• orthogonal •
or-tha-gê-nêl • Hear it!
Part of Speech: Adjective
Meaning: 1. At right angles, perpendicular (to). 2. Totally irrelevant, not at all germane to some point under discussion. 3. Statistically unrelated or independent.
Notes: Today's word comes from Greek via Latin and hence has all the derivational accoutrements of classical words. The noun is orthogonality and you can make a verb, orthogonalize "to place at right angles" out of it. The adverb has the usual suffix: orthogonally.
In Play: Today's word is useful in discussions of both practical and philosophical matters. Practically, we may say, "The trunk of a capital 'T' is orthogonal to its cross bar." To stretch that sense a wee bit, we might comment, "I wouldn't say that she drank too much last night but Wanda Round left the party somewhat less than orthogonal." On a more philosophical note: "Jack Uzzi raises so many orthogonal issues in staff meetings, it seems he is totally solipsistic."

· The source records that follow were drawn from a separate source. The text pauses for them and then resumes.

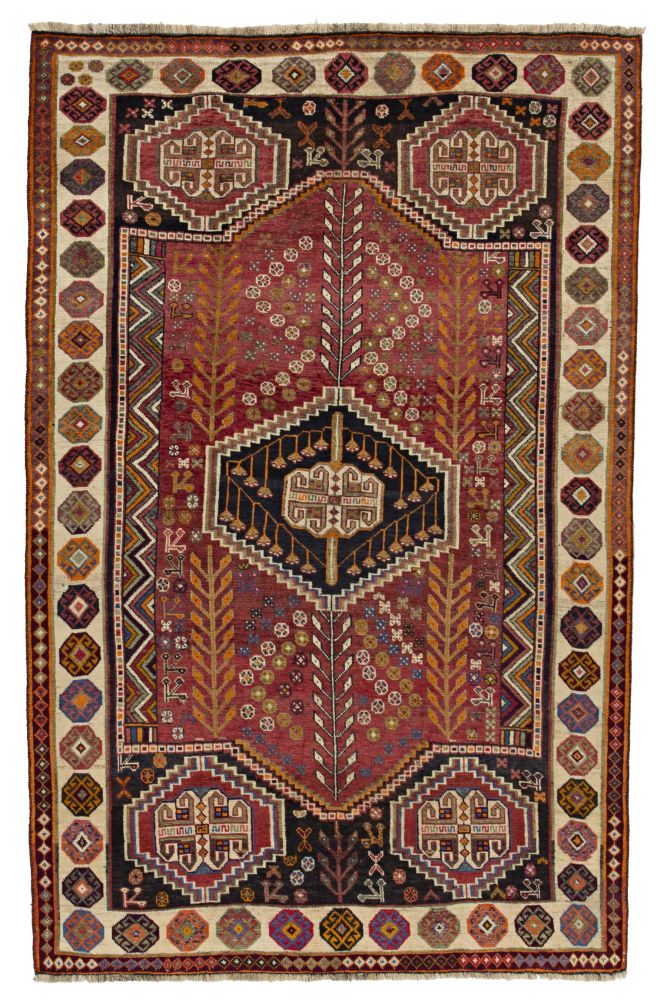 En nomadmatta knuten av kashgaifolket. De stadiga mattorna är knutna helt i ull och de talrika mönstren är deras egna, vävda ur minnet. En vanlig design är den så kallade hebatlu-designen med en central medaljong, upprepad i alla fyra hörnen. Andra har en hexagon- eller diamantformad medaljong, inuti en större medaljong, med fyra krokar.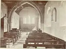 In 1894 there was a blocked up Norman doorway exactly opposite the west door of the chapel, the entrance to some previous large building, whose site was occupied by coal cellars.[24]
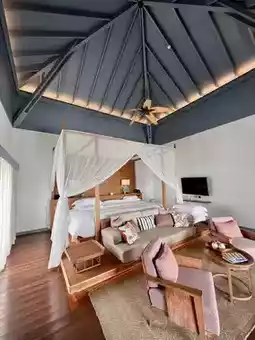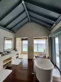 The overwater house in Raffles Maldives is over 2,000 square feet. Each overwater house is equipped with a large private pool and ladders that lead directly to the sea water, so you can easily enjoy snorkeling at any time.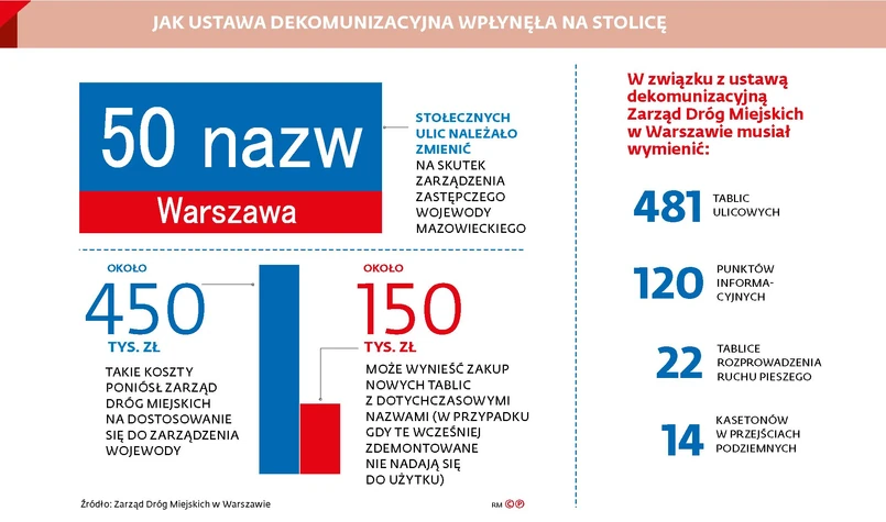 Podobny problem, tylko że o kilkunastokrotnie większej skali, ma też sam stołeczny ratusz. Jak bowiem wyjaśnia nam Katarzyna Gałecka, rzecznik prasowy Zarządu Dróg Miejskich, zmianie uległy nazwy aż 50 ulic. A to pociągnęło za sobą konieczność zaktualizowania wielu oznakowań funkcjonujących w ramach Miejskiego Systemu Informacji.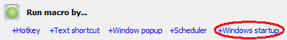 To run macro on startup, go to Run macro by... section in the macro editor and click +Windows Startup: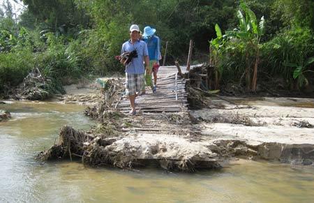 Con đường độc đạo vào Xóm Mới chỉ dành cho người đi bộ, vốn nhỏ hẹp nay lại bị lũ “treo”. Chiếc cầu tre bắc qua con mương nước bị lũ bẻ gãy, một đầu nằm gác trên bờ, một đầu chìm nghỉm dưới nước, phía bên kia sạt lở để lại mố đất dựng đứng, muốn vượt qua phải…bò.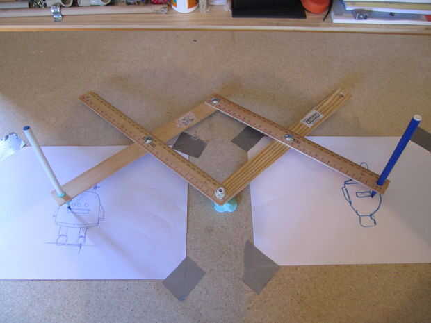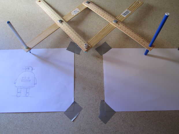 Tienen el pivote en el extremo izquierdo, el lápiz de trazado en el centro y la pluma de dibujo de la derecha aumenta la imagen.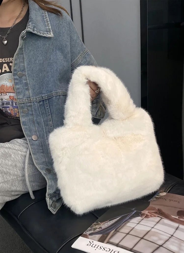 ミニバッグチャーム付ハンドメイドニットハンドバッグ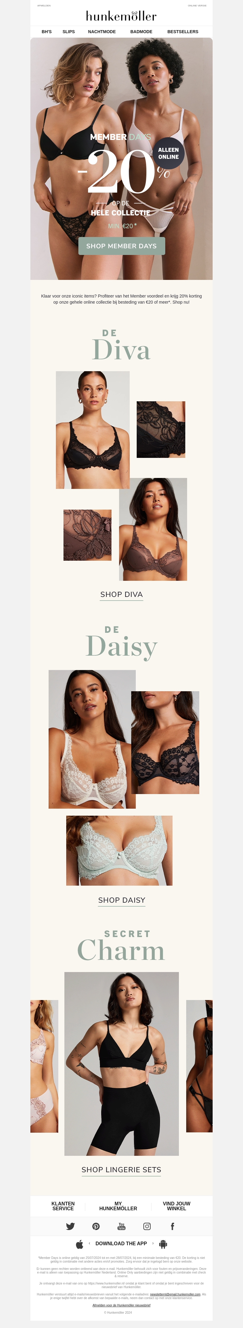 Leden profiteren nu van 20% korting op de gehele Hunkemöller-collectie. Mis deze unieke kans niet en vernieuw je garderobe met onze prachtige lingerie. De korting is exclusief online en geldt voor een minimale besteding van €20. Shop nu en ontdek onze Diva, Daisy en Secret Charm collecties.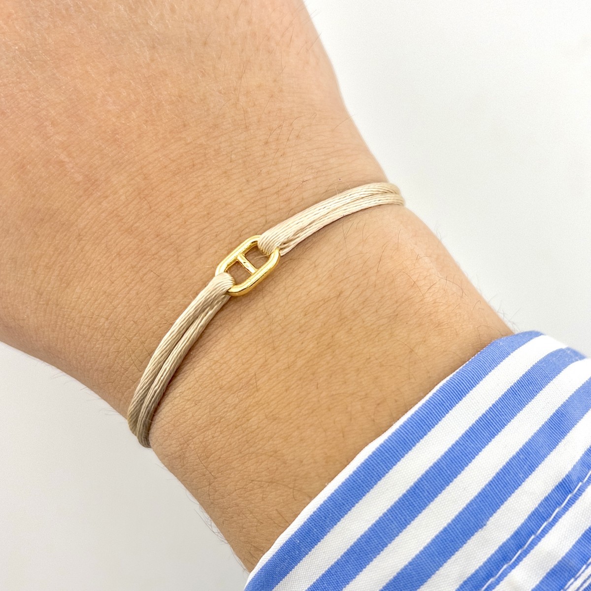 Le bracelet coulissant Mini Link, un bracelet en cordon Mokuba sable avec un connecteur en laiton doré 3 microns.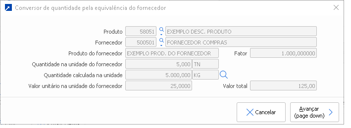 Utilize o atalho "F3-Fator de conversão" para calcular a quantidade do item da ordem de compra a partir do fator de conversão cadastrado nas equivalências do produto para o fornecedor. Aplicável quando o fornecedor controla o produto em unidade de medida diferente da unidade do produto cadastrado no SIGER®. + Saiba mais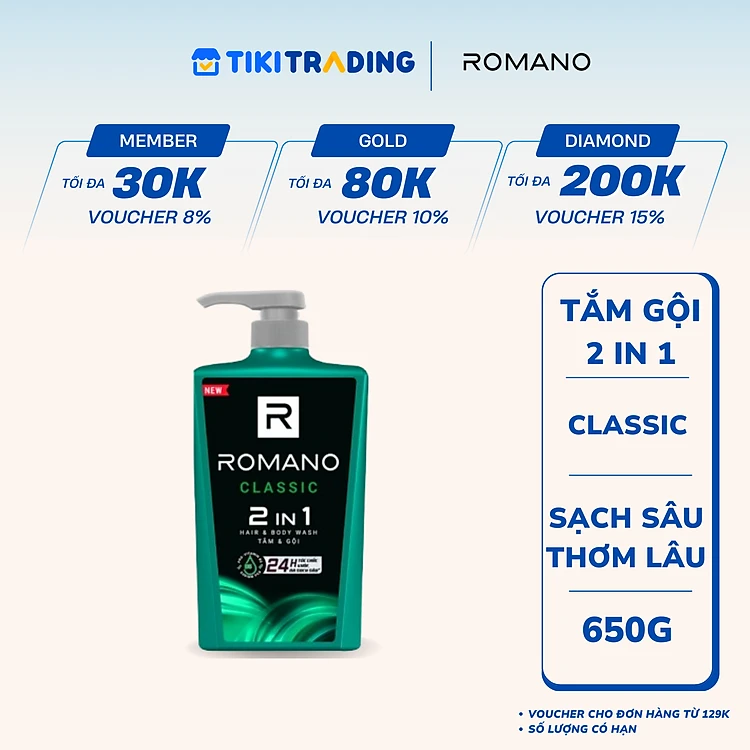 B - Dầu Tắm Gội 2 Trong 1 Dành Cho Nam Romano Classic (650g)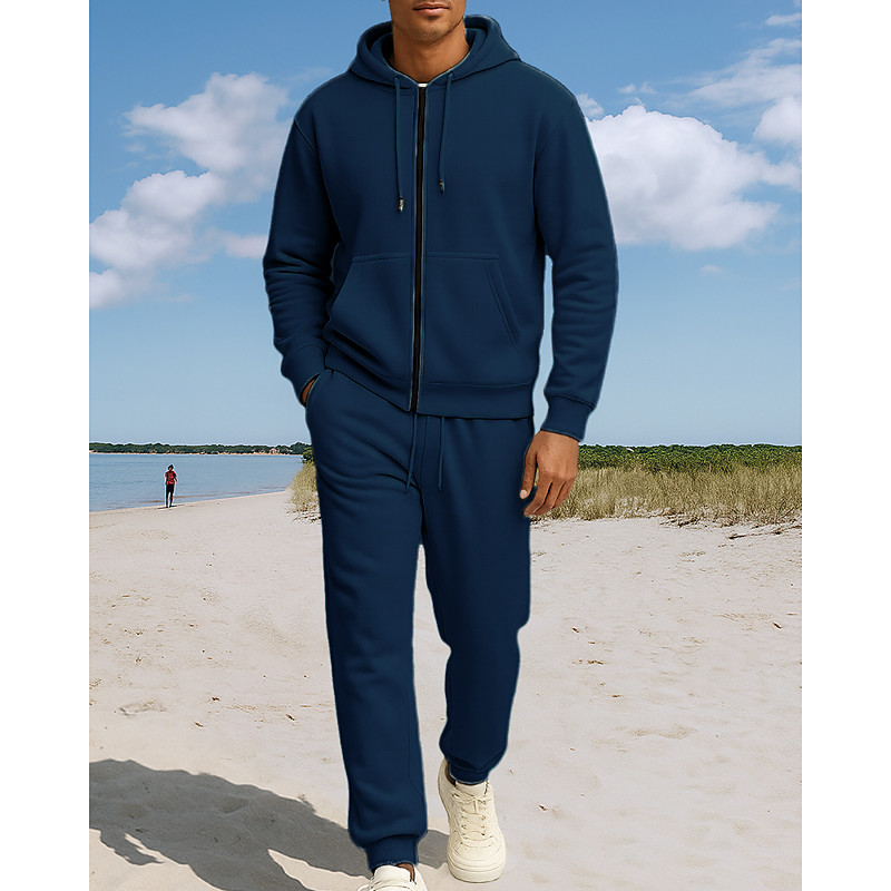 Men's Tracksuit Outfit Set Hoodies Set Hoodie Outdoor Daily Sports Drawstring Zip Up Pocket Plain Black Navy Blue Brown Polyester Activewear Fashion Streetwear Fall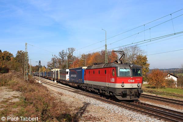 1144 202 mit einem KLV-Zug gen Österreich am 28.10.11 in Aßling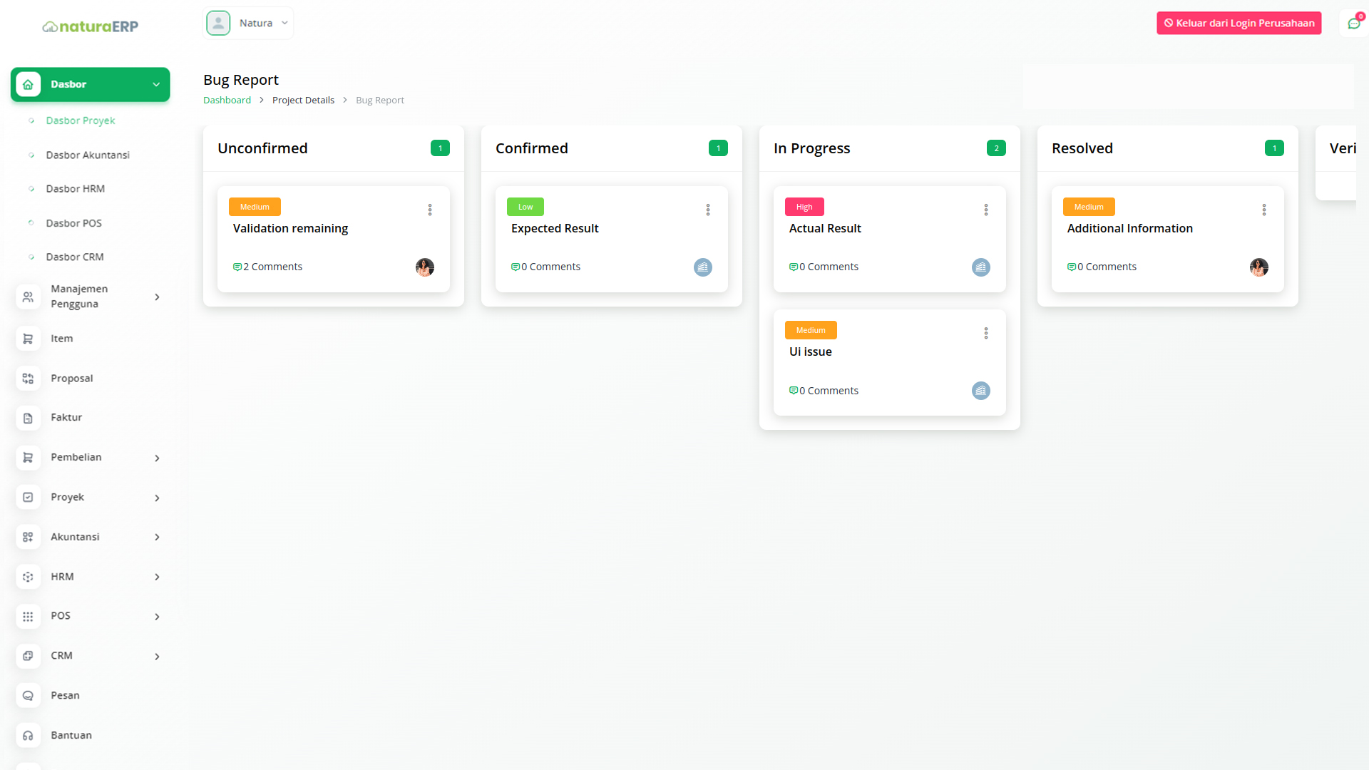 Buat bug baru dan tetapkan pengguna serta prioritasnya. Anda dapat menulis catatan di kotak teks untuk deskripsi bug. Selain itu, status setiap bug dapat diubah melalui sistem drop-down dan drag Kanban yang mudah.

Word History: Today's Good Word comes from Greek orthogonios "at right angles" based on orthos "right, correct" + gonia "angle". The original root came into Greek as both gonia and gona "knee", so apparently originally meant "knee" and "angle", two meanings obviously related. The same root came up in Latin genu "knee", which underlies genuflect "bow", based on a combination meaning "knee-bending". In English we have the very predictable knee and kneel from the same PIE root. Orthos "right" (in both senses) appears in many English words, such as orthography "correct spelling" and orthodoxy "correct belief".